Tumor Infiltrating Lymphocytes (TILs) are lymphocytes isolated from tumor tissue. The existing TIL cell culture technology is to separate tumor infiltrating lymphocytes from tumor tissues by using a mechanical treatment and/or enzyme digestion method, and add high-dose interleukin-2 (IL-2, 6000U/mL) to carry out in-vitro culture. Studies have shown that IL-2-activated TILs have higher tumoricidal activity and better targeting than LAK from autologous Peripheral Blood Mononuclear Cells (PBMCs).
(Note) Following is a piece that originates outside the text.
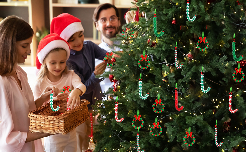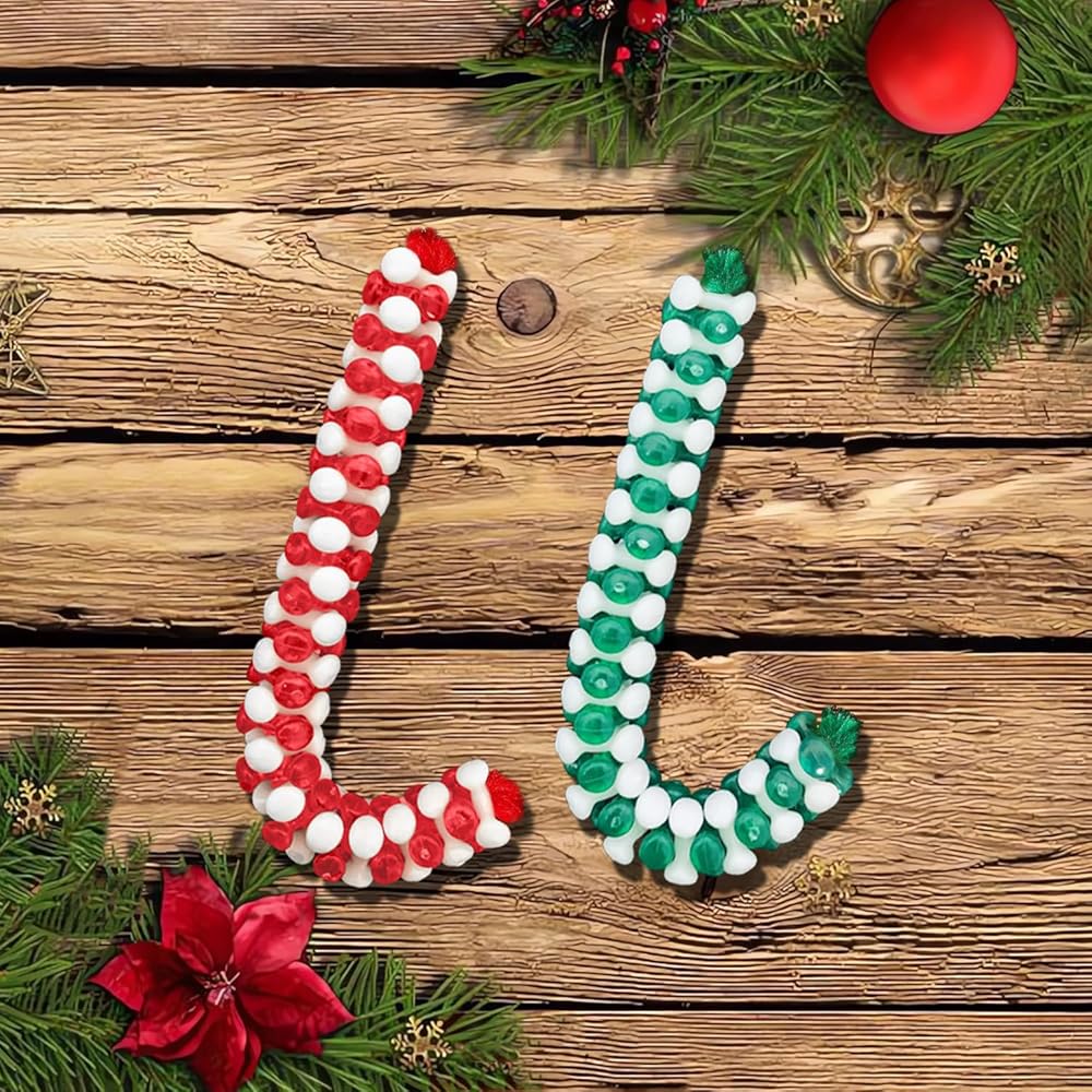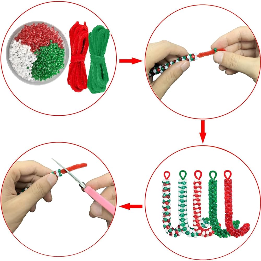 [سهل الاستخدام بنفسك]: تحتاج فقط إلى استخدام سلك شانيل أحمر أو أخضر وثنيه بالشكل الذي تريده. اختر خرزات عيد الميلاد التي تفضلها وقم بربطها، ويمكنك الحصول على الشكل الذي تريده. أخيرًا، يمكنك قص خيط الشنيل الأحمر الزائد أو يمكنك الاستمرار في إضافة الخرز لصنع حرفة عيد الميلاد أكبر.

TIL cells have been used for more than 20 years as a specific immune cell for tumor therapy and have been studied in a variety of tumors. The currently used TIL in vitro amplification technology is to separate TIL cells from tumor tissues and then perform TIL induction culture, and the TIL cells cultured in vitro have been proved to have the anti-tumor effect. However, the existing method for expanding TIL cells needs to separate TIL cells first, which has the defects of slow expansion speed, small number of obtained lymphocytes and the like, and in order to obtain more effector cells quickly, the dosage of cytokines (such as IL-2) is higher, and the patients are easy to generate factor storm in the treatment process, so that the method is not beneficial to treatment and even generates life risk to the patients.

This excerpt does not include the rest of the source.